* Material supplied:
[Start of section]

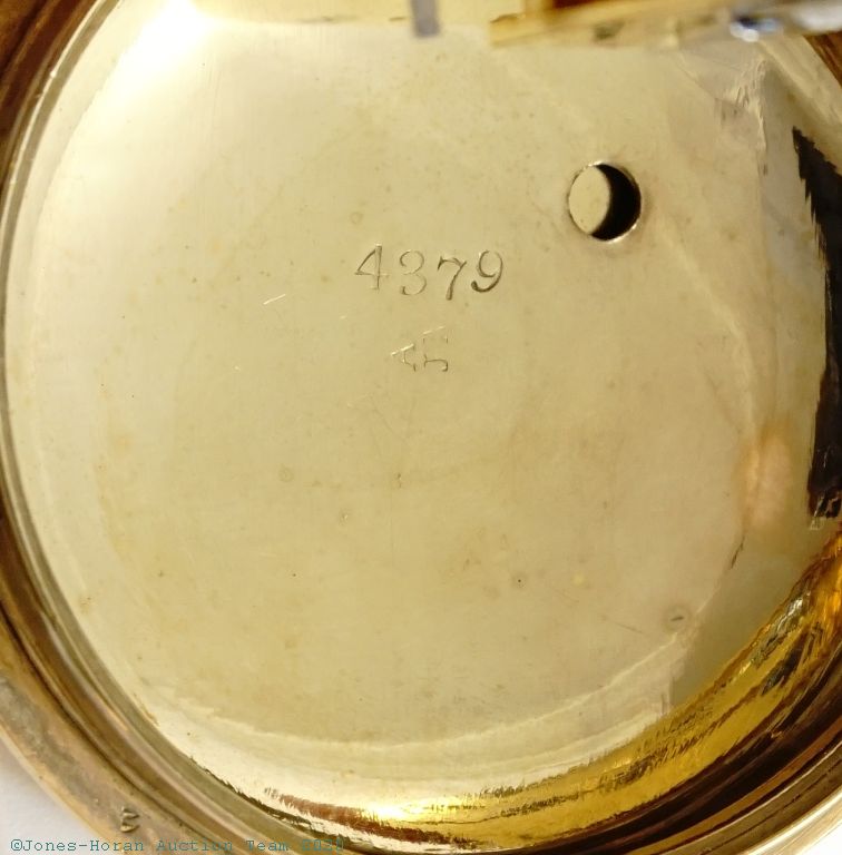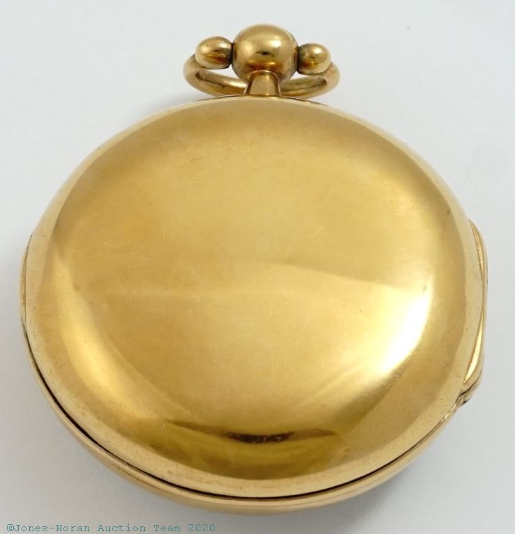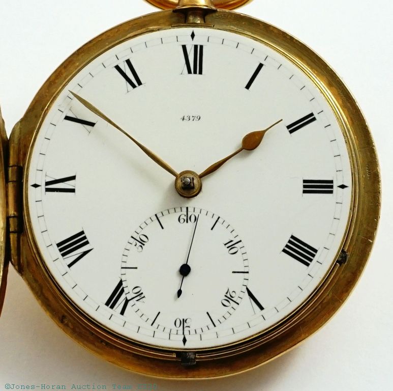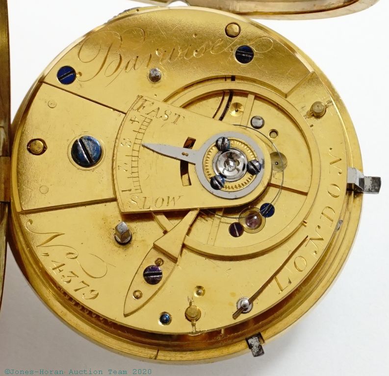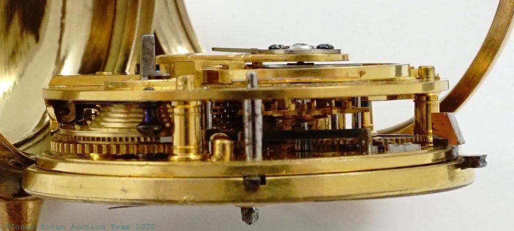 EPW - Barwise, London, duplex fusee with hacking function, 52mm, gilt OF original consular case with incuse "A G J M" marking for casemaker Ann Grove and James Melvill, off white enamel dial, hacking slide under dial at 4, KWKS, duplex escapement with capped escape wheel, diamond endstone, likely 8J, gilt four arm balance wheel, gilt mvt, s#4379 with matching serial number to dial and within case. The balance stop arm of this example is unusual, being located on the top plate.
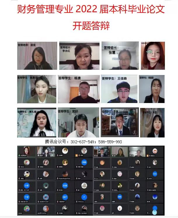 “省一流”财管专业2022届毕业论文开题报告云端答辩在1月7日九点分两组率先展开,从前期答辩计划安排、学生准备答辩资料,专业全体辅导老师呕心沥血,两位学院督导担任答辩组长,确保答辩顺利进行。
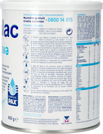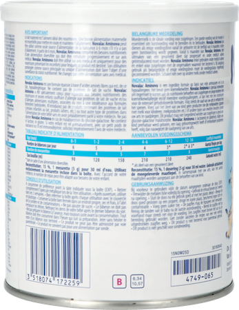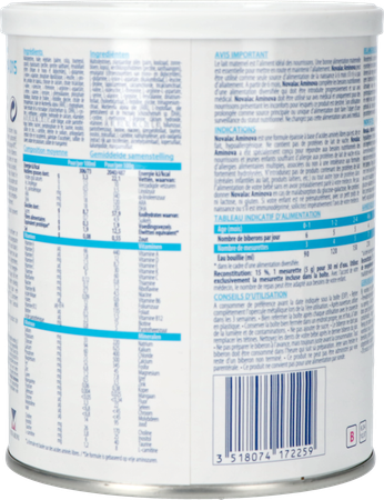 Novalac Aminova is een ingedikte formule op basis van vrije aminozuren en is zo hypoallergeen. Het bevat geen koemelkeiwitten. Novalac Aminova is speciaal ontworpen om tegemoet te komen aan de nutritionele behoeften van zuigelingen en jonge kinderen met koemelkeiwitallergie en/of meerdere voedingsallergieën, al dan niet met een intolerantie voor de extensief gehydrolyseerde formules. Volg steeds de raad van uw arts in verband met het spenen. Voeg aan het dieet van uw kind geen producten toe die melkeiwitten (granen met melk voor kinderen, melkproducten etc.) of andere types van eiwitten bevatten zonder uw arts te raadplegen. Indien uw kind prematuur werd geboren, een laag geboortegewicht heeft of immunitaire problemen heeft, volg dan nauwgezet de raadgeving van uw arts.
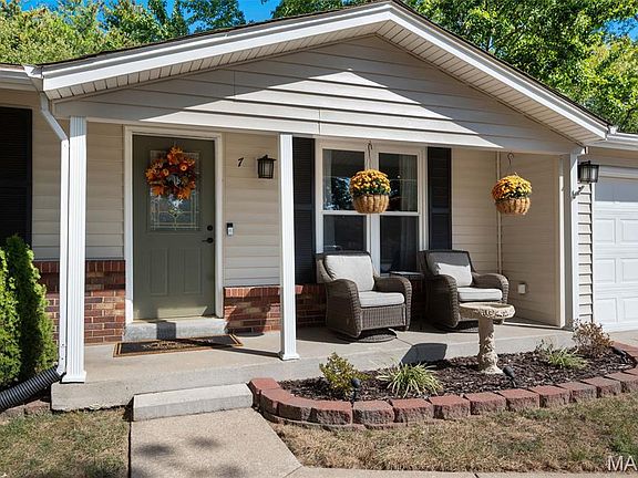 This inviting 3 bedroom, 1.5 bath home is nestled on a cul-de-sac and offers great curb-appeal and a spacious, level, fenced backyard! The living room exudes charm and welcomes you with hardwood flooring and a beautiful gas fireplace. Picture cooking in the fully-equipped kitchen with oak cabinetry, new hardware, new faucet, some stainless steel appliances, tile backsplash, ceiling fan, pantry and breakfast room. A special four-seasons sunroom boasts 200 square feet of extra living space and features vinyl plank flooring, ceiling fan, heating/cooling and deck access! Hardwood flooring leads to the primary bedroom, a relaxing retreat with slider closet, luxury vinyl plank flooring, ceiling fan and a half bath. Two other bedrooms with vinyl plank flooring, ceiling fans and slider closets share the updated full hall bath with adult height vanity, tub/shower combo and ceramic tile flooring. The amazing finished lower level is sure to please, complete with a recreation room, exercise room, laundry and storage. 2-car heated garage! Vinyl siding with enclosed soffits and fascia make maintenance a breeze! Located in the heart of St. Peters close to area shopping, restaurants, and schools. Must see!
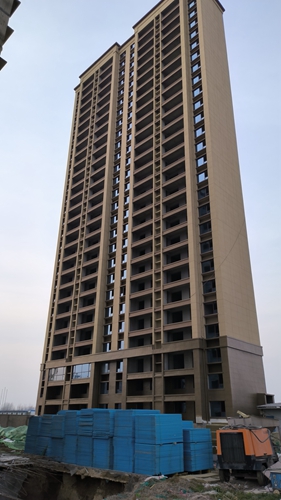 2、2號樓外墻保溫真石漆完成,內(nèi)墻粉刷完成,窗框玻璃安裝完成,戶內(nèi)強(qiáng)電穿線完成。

[End of section]

* Task goal:
Please return the full listing word for word, but without any pictures.

* Output below:
 EPW - Barwise, London, duplex fusee with hacking function, 52mm, gilt OF original consular case with incuse "A G J M" marking for casemaker Ann Grove and James Melvill, off white enamel dial, hacking slide under dial at 4, KWKS, duplex escapement with capped escape wheel, diamond endstone, likely 8J, gilt four arm balance wheel, gilt mvt, s#4379 with matching serial number to dial and within case. The balance stop arm of this example is unusual, being located on the top plate.
 “省一流”财管专业2022届毕业论文开题报告云端答辩在1月7日九点分两组率先展开,从前期答辩计划安排、学生准备答辩资料,专业全体辅导老师呕心沥血,两位学院督导担任答辩组长,确保答辩顺利进行。
 Novalac Aminova is een ingedikte formule op basis van vrije aminozuren en is zo hypoallergeen. Het bevat geen koemelkeiwitten. Novalac Aminova is speciaal ontworpen om tegemoet te komen aan de nutritionele behoeften van zuigelingen en jonge kinderen met koemelkeiwitallergie en/of meerdere voedingsallergieën, al dan niet met een intolerantie voor de extensief gehydrolyseerde formules. Volg steeds de raad van uw arts in verband met het spenen. Voeg aan het dieet van uw kind geen producten toe die melkeiwitten (granen met melk voor kinderen, melkproducten etc.) of andere types van eiwitten bevatten zonder uw arts te raadplegen. Indien uw kind prematuur werd geboren, een laag geboortegewicht heeft of immunitaire problemen heeft, volg dan nauwgezet de raadgeving van uw arts.
 This inviting 3 bedroom, 1.5 bath home is nestled on a cul-de-sac and offers great curb-appeal and a spacious, level, fenced backyard! The living room exudes charm and welcomes you with hardwood flooring and a beautiful gas fireplace. Picture cooking in the fully-equipped kitchen with oak cabinetry, new hardware, new faucet, some stainless steel appliances, tile backsplash, ceiling fan, pantry and breakfast room. A special four-seasons sunroom boasts 200 square feet of extra living space and features vinyl plank flooring, ceiling fan, heating/cooling and deck access! Hardwood flooring leads to the primary bedroom, a relaxing retreat with slider closet, luxury vinyl plank flooring, ceiling fan and a half bath. Two other bedrooms with vinyl plank flooring, ceiling fans and slider closets share the updated full hall bath with adult height vanity, tub/shower combo and ceramic tile flooring. The amazing finished lower level is sure to please, complete with a recreation room, exercise room, laundry and storage. 2-car heated garage! Vinyl siding with enclosed soffits and fascia make maintenance a breeze! Located in the heart of St. Peters close to area shopping, restaurants, and schools. Must see!
 2、2號樓外墻保溫真石漆完成,內(nèi)墻粉刷完成,窗框玻璃安裝完成,戶內(nèi)強(qiáng)電穿線完成。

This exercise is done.